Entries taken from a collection
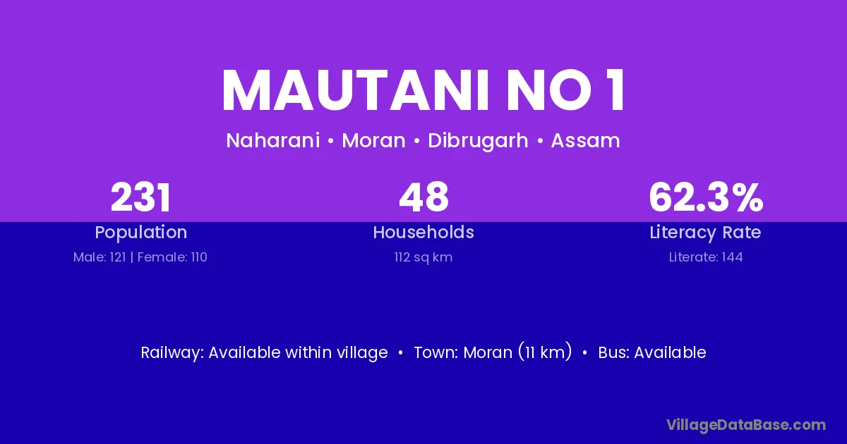 Moran (11 km) is the nearest town to Mautani No 1 village for major economic activities and is located approximately 11 km away.
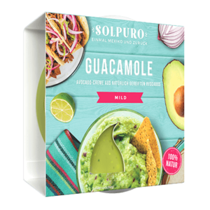 Die milde Guacamole von Solpuro ist mit ihrer Original mexikanischen Rezeptur aus Zwiebeln, Knoblauch etwas Jalapeño & Limettensaft auf dem Markt einzigartig in ihrer Qualität. Sie kommt ohne Antioxidationsmittel oder Zusätze aus und unterstützt neben ihrer Klimaneutralität auch Aufforstung-Projekte in Mexiko. Mit weniger Fuego als die klassische Guacamole von Solpuro schmeckt sie zu allen Gerichten.
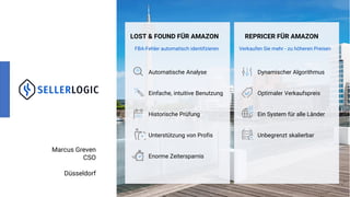 Das Dokument beschreibt Repricing-Strategien für den Erfolg in der Amazon Buy Box und hebt die Bedeutung verschiedener Faktoren wie Preis, Versandmethoden und Verkäuferbewertungen hervor. Es erläutert die Vorteile dynamischer Preisoptimierung und zeigt, wie Händler durch den Einsatz von Repricern ihre Umsätze und Deckungsbeiträge steigern können. Zudem werden individuelle Strategien vorgeschlagen, um die optimale Preisgestaltung basierend auf Marktdaten und Kaufverhalten zu erreichen.
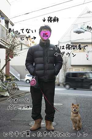 という朝起きぬけのおっさん丸出しスタイルで行っていたのですが、(暗いからどうでもいいと思っていたし、道で会う散歩の人も大体こんな感じだった)
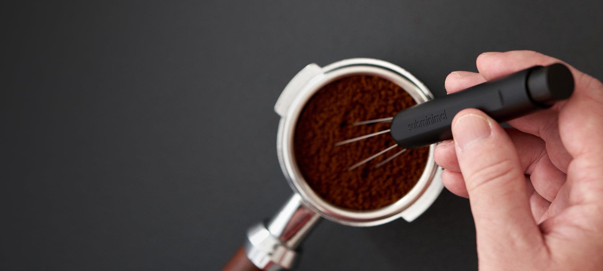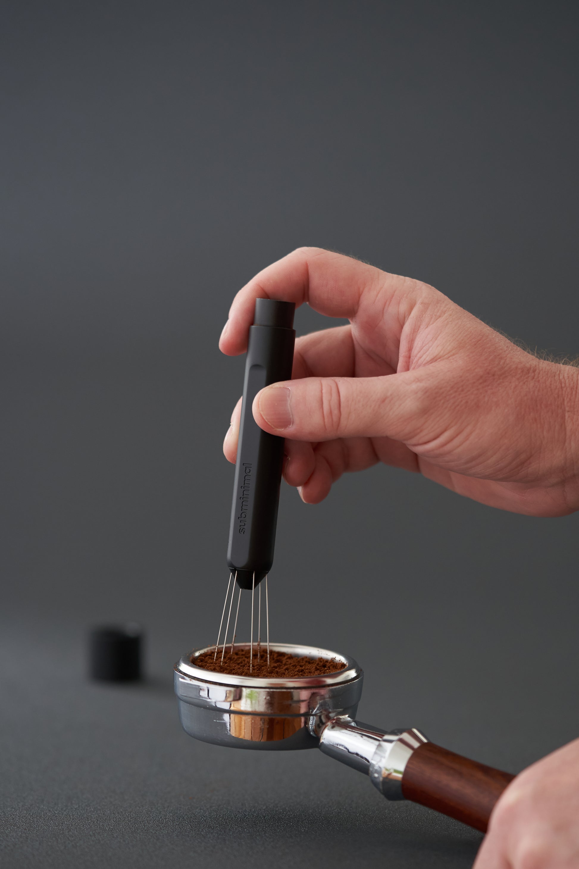 The Flick espresso distribution tool (WDT) is intuitive, fun to use, and safe, thanks to its retractable needles. One click pops the needles out when you need them, and a flick of the wrist sends them right back in.

» **Exercise brief**
Keep the pictures out and repeat exactly the lines from the beginning of the data through the line that contains "Die milde Guacamole", both ends included.

» **Reply**
 Moran (11 km) is the nearest town to Mautani No 1 village for major economic activities and is located approximately 11 km away.
 Die milde Guacamole von Solpuro ist mit ihrer Original mexikanischen Rezeptur aus Zwiebeln, Knoblauch etwas Jalapeño & Limettensaft auf dem Markt einzigartig in ihrer Qualität. Sie kommt ohne Antioxidationsmittel oder Zusätze aus und unterstützt neben ihrer Klimaneutralität auch Aufforstung-Projekte in Mexiko. Mit weniger Fuego als die klassische Guacamole von Solpuro schmeckt sie zu allen Gerichten.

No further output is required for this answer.